Start to finish, return the listing below exactly, pictures excluded.

*** COLLECTED DATA

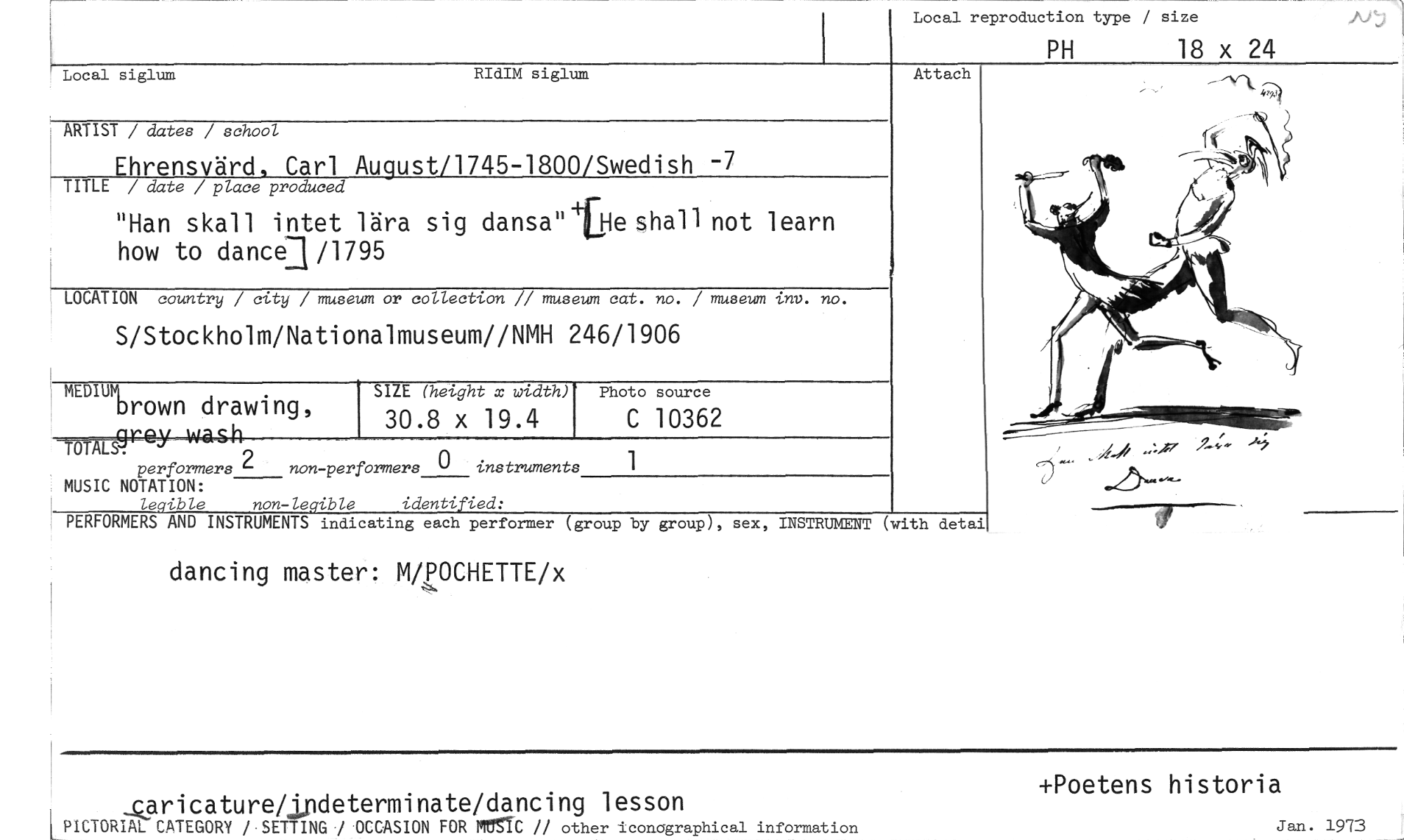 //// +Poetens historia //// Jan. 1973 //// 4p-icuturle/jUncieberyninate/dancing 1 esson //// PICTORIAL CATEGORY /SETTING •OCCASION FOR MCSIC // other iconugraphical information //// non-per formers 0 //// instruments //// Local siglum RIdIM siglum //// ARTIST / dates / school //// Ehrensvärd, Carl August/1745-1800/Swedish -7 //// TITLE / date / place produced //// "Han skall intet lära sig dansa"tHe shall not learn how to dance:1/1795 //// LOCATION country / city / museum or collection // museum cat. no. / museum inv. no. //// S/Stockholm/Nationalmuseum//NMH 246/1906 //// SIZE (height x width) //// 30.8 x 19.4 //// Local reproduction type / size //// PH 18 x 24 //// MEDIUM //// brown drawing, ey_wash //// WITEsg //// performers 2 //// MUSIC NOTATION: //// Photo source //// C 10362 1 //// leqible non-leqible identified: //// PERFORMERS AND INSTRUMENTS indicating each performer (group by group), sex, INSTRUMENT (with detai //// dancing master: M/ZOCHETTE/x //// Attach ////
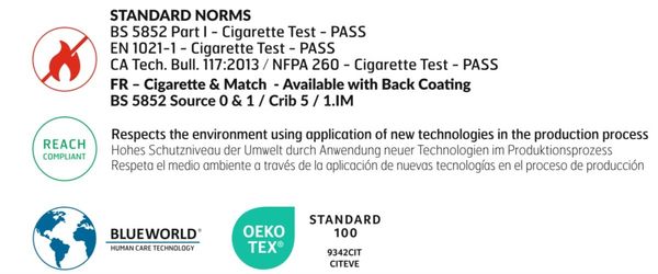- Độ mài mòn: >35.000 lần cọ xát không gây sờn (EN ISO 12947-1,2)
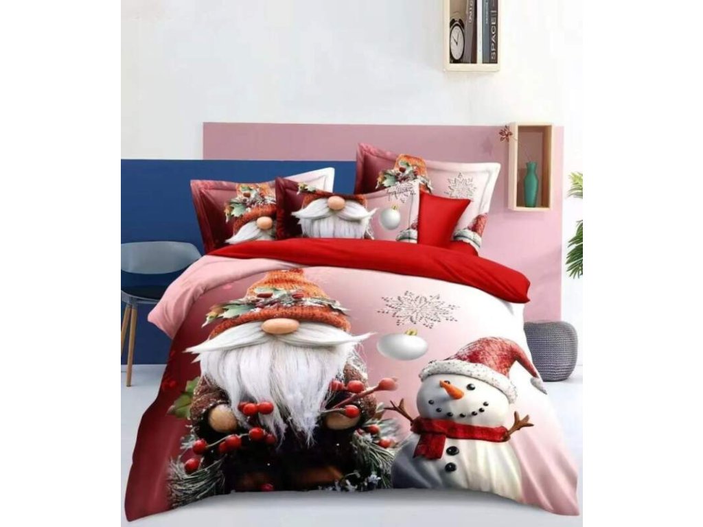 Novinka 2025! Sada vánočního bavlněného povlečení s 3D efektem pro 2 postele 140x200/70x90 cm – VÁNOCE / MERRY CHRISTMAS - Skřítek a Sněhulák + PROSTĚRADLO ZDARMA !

******

REPLY =>
 //// +Poetens historia //// Jan. 1973 //// 4p-icuturle/jUncieberyninate/dancing 1 esson //// PICTORIAL CATEGORY /SETTING •OCCASION FOR MCSIC // other iconugraphical information //// non-per formers 0 //// instruments //// Local siglum RIdIM siglum //// ARTIST / dates / school //// Ehrensvärd, Carl August/1745-1800/Swedish -7 //// TITLE / date / place produced //// "Han skall intet lära sig dansa"tHe shall not learn how to dance:1/1795 //// LOCATION country / city / museum or collection // museum cat. no. / museum inv. no. //// S/Stockholm/Nationalmuseum//NMH 246/1906 //// SIZE (height x width) //// 30.8 x 19.4 //// Local reproduction type / size //// PH 18 x 24 //// MEDIUM //// brown drawing, ey_wash //// WITEsg //// performers 2 //// MUSIC NOTATION: //// Photo source //// C 10362 1 //// leqible non-leqible identified: //// PERFORMERS AND INSTRUMENTS indicating each performer (group by group), sex, INSTRUMENT (with detai //// dancing master: M/ZOCHETTE/x //// Attach ////
- Độ mài mòn: >35.000 lần cọ xát không gây sờn (EN ISO 12947-1,2)
 Novinka 2025! Sada vánočního bavlněného povlečení s 3D efektem pro 2 postele 140x200/70x90 cm – VÁNOCE / MERRY CHRISTMAS - Skřítek a Sněhulák + PROSTĚRADLO ZDARMA !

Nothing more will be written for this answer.